Virtually all cryptocurrencies have experienced a double-digit dip in their prices this week. The bitcoin's value dropped by 25 percent. Observers are not surprised by this crash of the digital currencies and propose a way to stop the downwards trend.
The hype will soon be over
The crash of the cryptocurrencies has been foreseeable for a long time now, columnist Taha Meli Arvas writes in Daily Sabah:
“Should Bitcoin crash it would be the greatest bubble in the history of bubbles, trailed closely by the 'Dutch Tulip Mania' bubble of the late 17th century. With skyrocketing market caps, these cryptocurrencies have accumulated all of the wrong type of attention. ... The reality is that even if cryptocurrencies do survive, and I do believe that a select few will survive - albeit at much lower levels, the vast majority will be obsolete by the end of the year. Those that do survive, however, will need the blessing of at least one major domestic currency to act as a conduit via which investors will trade their 'coins' for the domestic currency they actually want.”

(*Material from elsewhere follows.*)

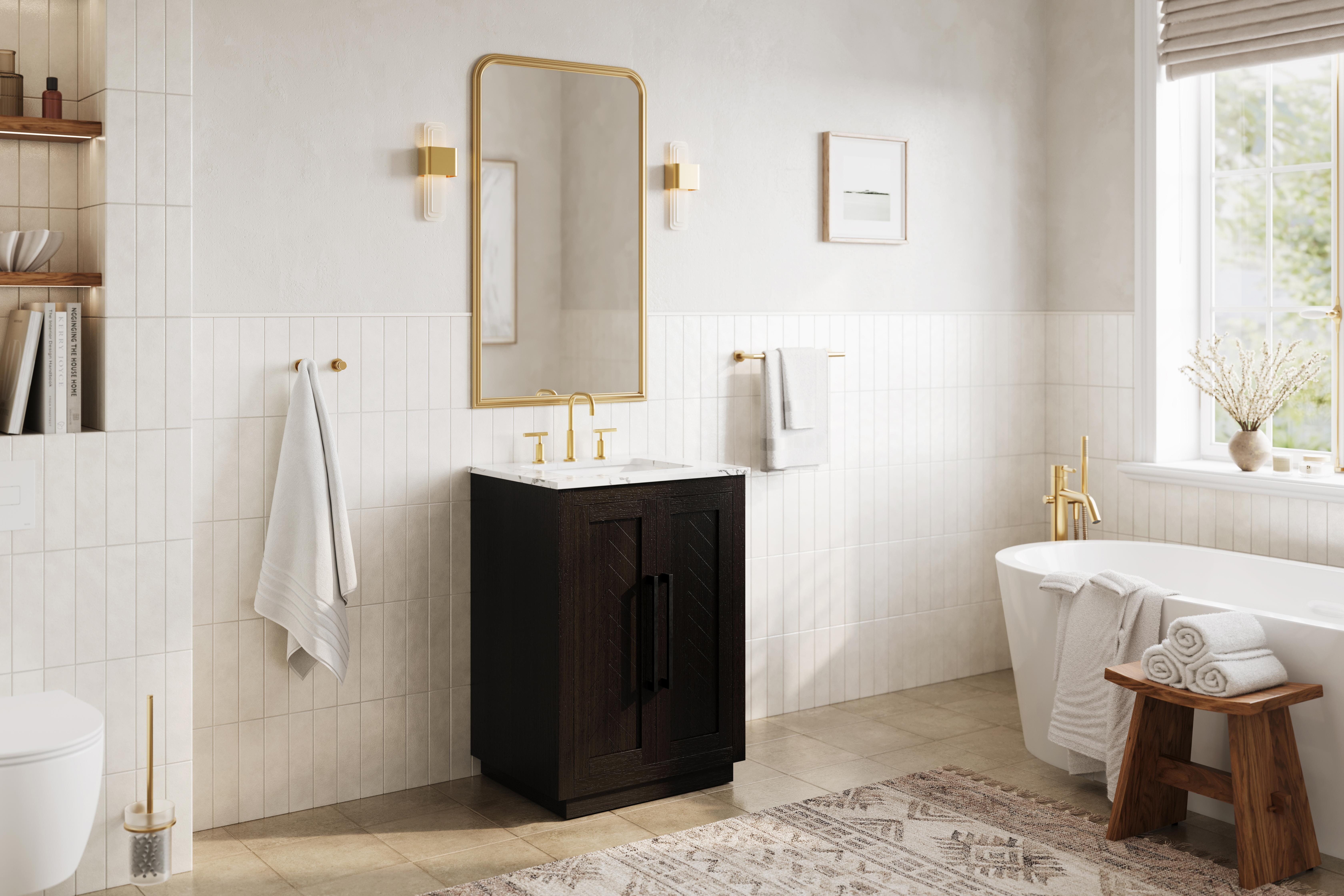 The vanity includes a concealed overflow, keeping the design sleek and uninterrupted, while ensuring practical overflow protection.

No chance of success without a fixed rate
Corriere del Ticino argues that cryptocurrencies should be pegged to real currencies, using the example of Tether, which is the only digital currency whose value hasn't gone down:
“The founder of Tether explained from the outset that the exchange rate of a Tether corresponds to that of one dollar. Its price is guaranteed by its own reserves [each Tether is backed by Fiat money]. The principle of cryptocurrencies that have fixed rates is therefore more attractive. Maduro, the Venezuelan president, also wants to introduce a cryptocurrency that is pegged to the price of oil. The crucial factor here is the credibility of the mechanism of pegging the currency to a reference value. The lesson we can learn from the crash is that virtual financial resources that aren't securely backed by recognised currencies or rates are worthless.”